Information provided:
________

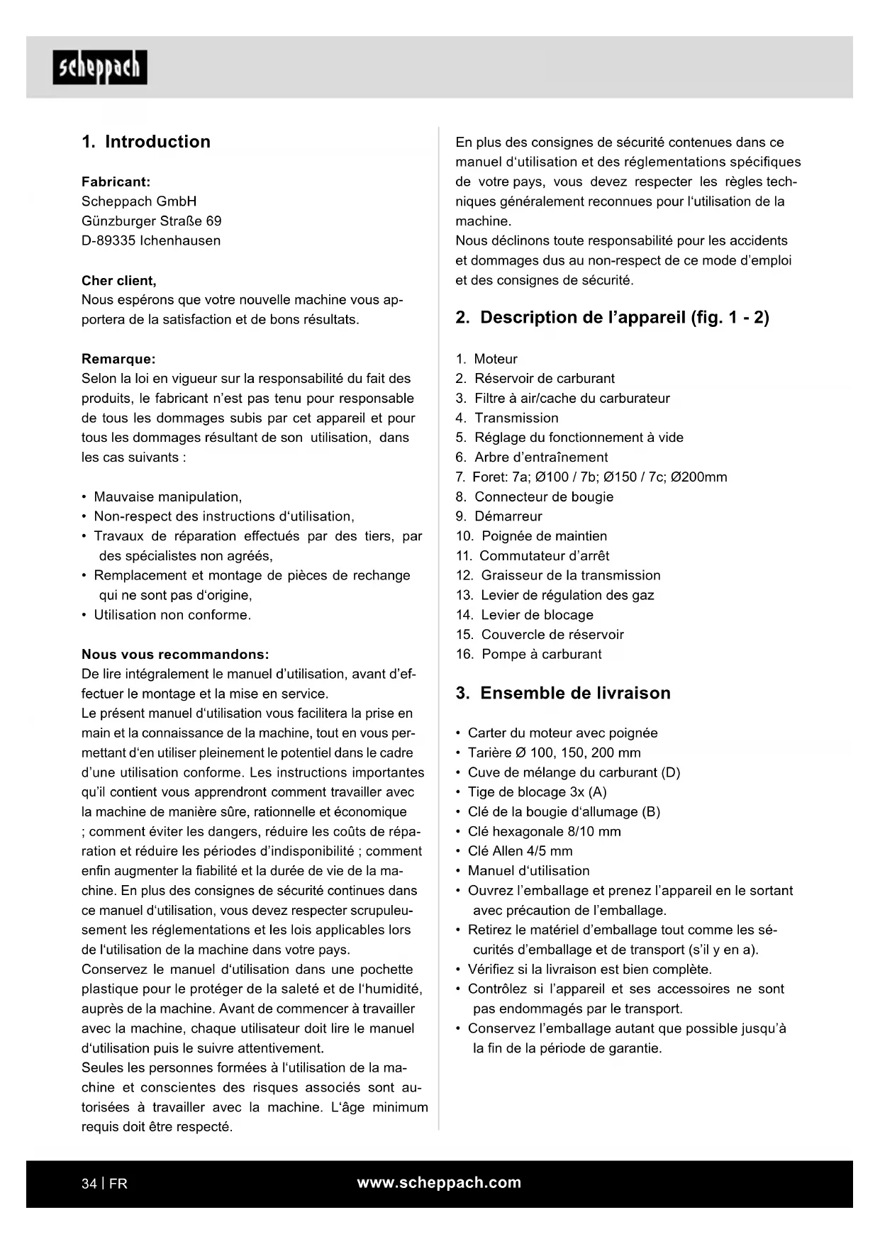 m ATTENTION ! Avant la mise en service, monter impérativement l’appareil en entier ! Avant la mise en service, il est important de connaître et de suivre les consignes de sécurité. Avant tout travail avec la mototarière, éteignez toujours le moteur, retirez les connecteurs branchés et portez des gants de protection. On peut démarrer la motota- rière seulement après avoir eectué l‘assemblage et toutes les vérications. ATTENTION ! Lisez attentivement les consignes de sécurité (voir „ Consignes de sécurité “ et les informa- tions supplémentaires pour les machines fonctionnant avec de l‘essence). Attention ! Portez des chaussures de sécurité et des vêtements de travail ajustés pour éviter les blessures. Avant la mise en service, il est important de connaître et de suivre les consignes de sécurité.www.scheppach.com
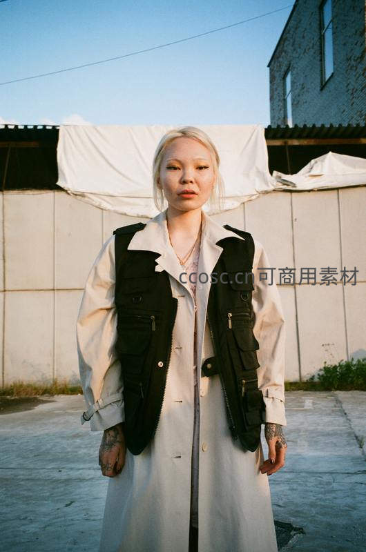 街头时尚青年,黑白拼接风衣特写
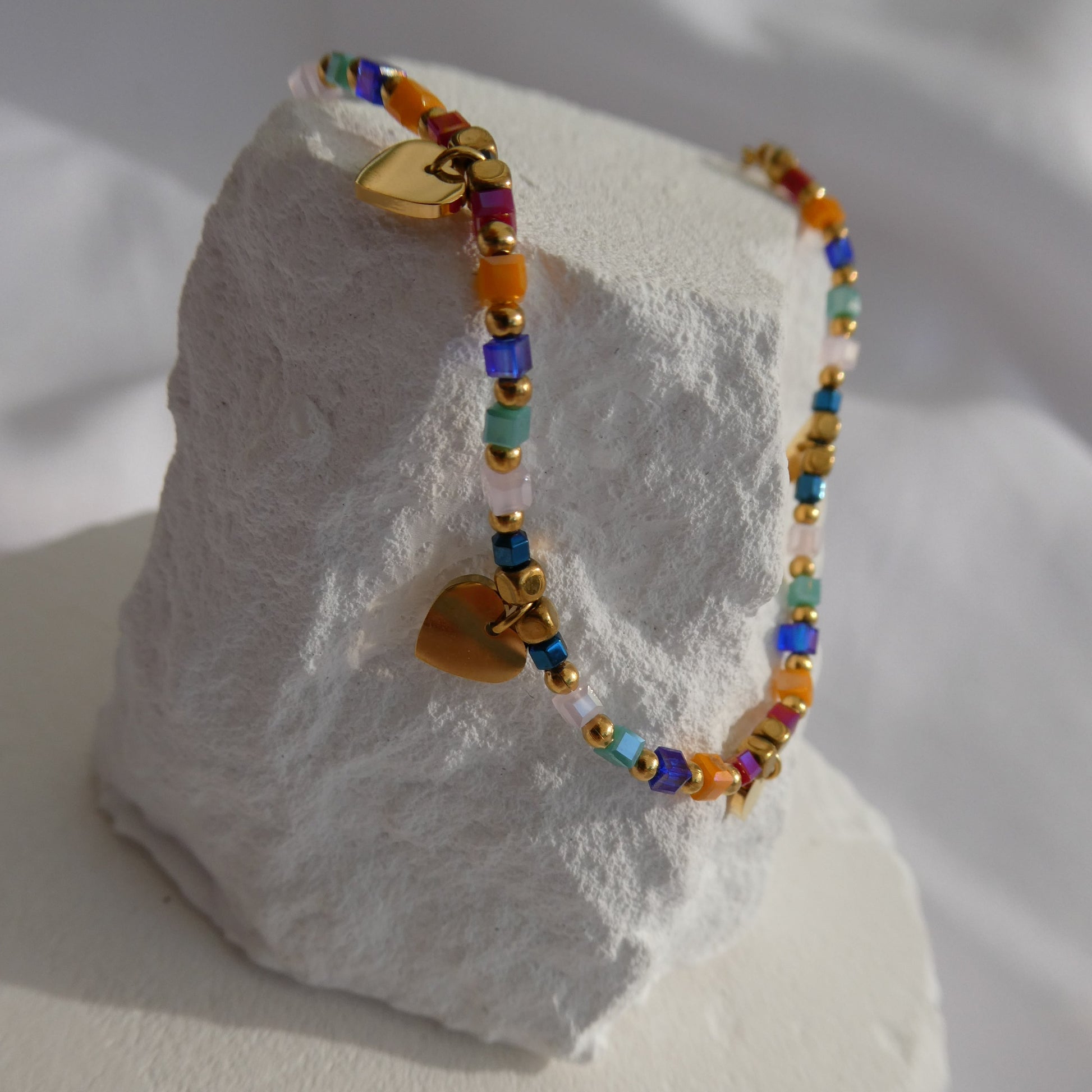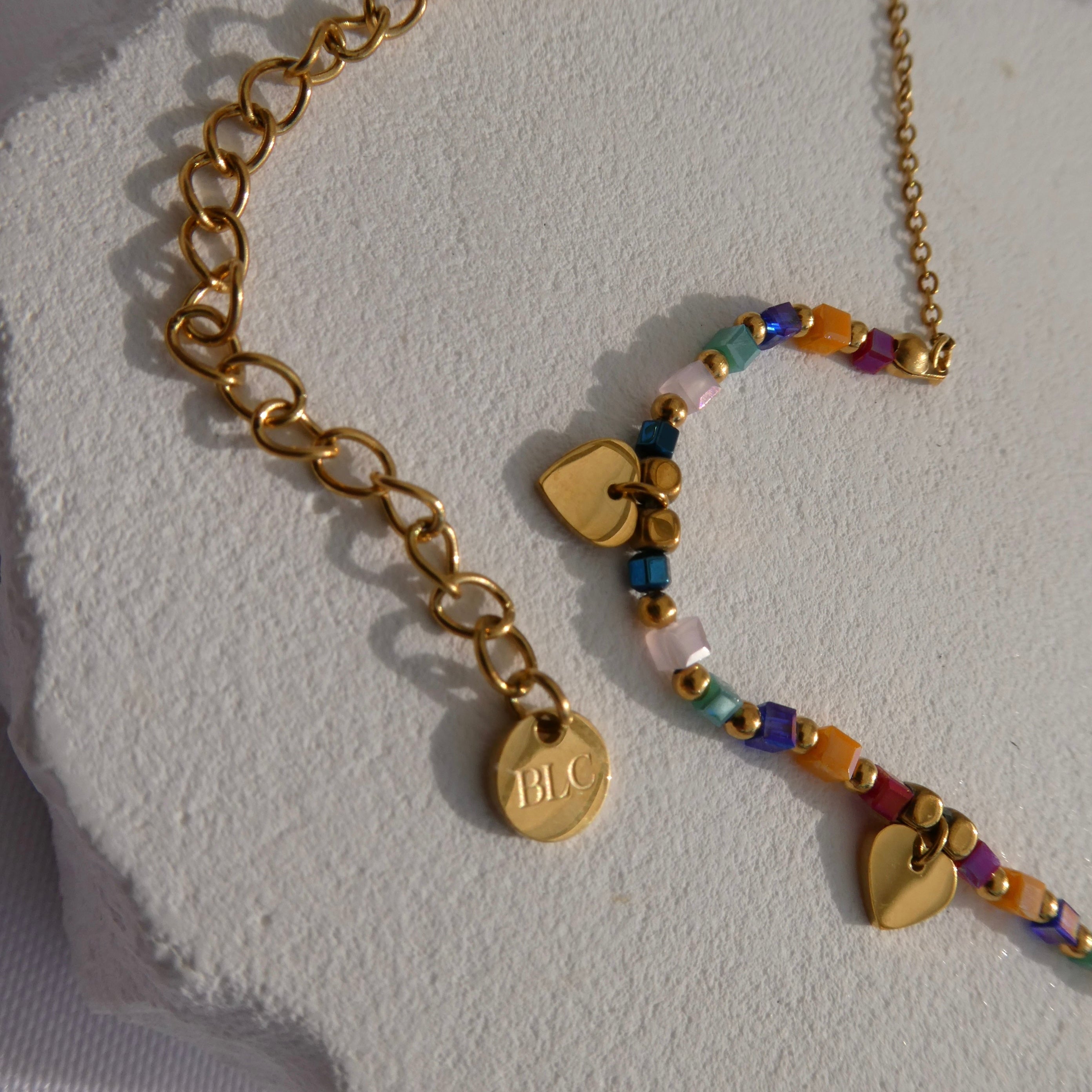 Sunny brings instant happiness to your neck with vibrant beaded hearts that radiate pure joy. Each piece bursts with bold, cheerful colour - a playful statement that's impossible to ignore.

________

What is required:
Output the full listing above exactly, excluding all pictures.

Answer section:
 m ATTENTION ! Avant la mise en service, monter impérativement l’appareil en entier ! Avant la mise en service, il est important de connaître et de suivre les consignes de sécurité. Avant tout travail avec la mototarière, éteignez toujours le moteur, retirez les connecteurs branchés et portez des gants de protection. On peut démarrer la motota- rière seulement après avoir eectué l‘assemblage et toutes les vérications. ATTENTION ! Lisez attentivement les consignes de sécurité (voir „ Consignes de sécurité “ et les informa- tions supplémentaires pour les machines fonctionnant avec de l‘essence). Attention ! Portez des chaussures de sécurité et des vêtements de travail ajustés pour éviter les blessures. Avant la mise en service, il est important de connaître et de suivre les consignes de sécurité.www.scheppach.com
 街头时尚青年,黑白拼接风衣特写
 Sunny brings instant happiness to your neck with vibrant beaded hearts that radiate pure joy. Each piece bursts with bold, cheerful colour - a playful statement that's impossible to ignore.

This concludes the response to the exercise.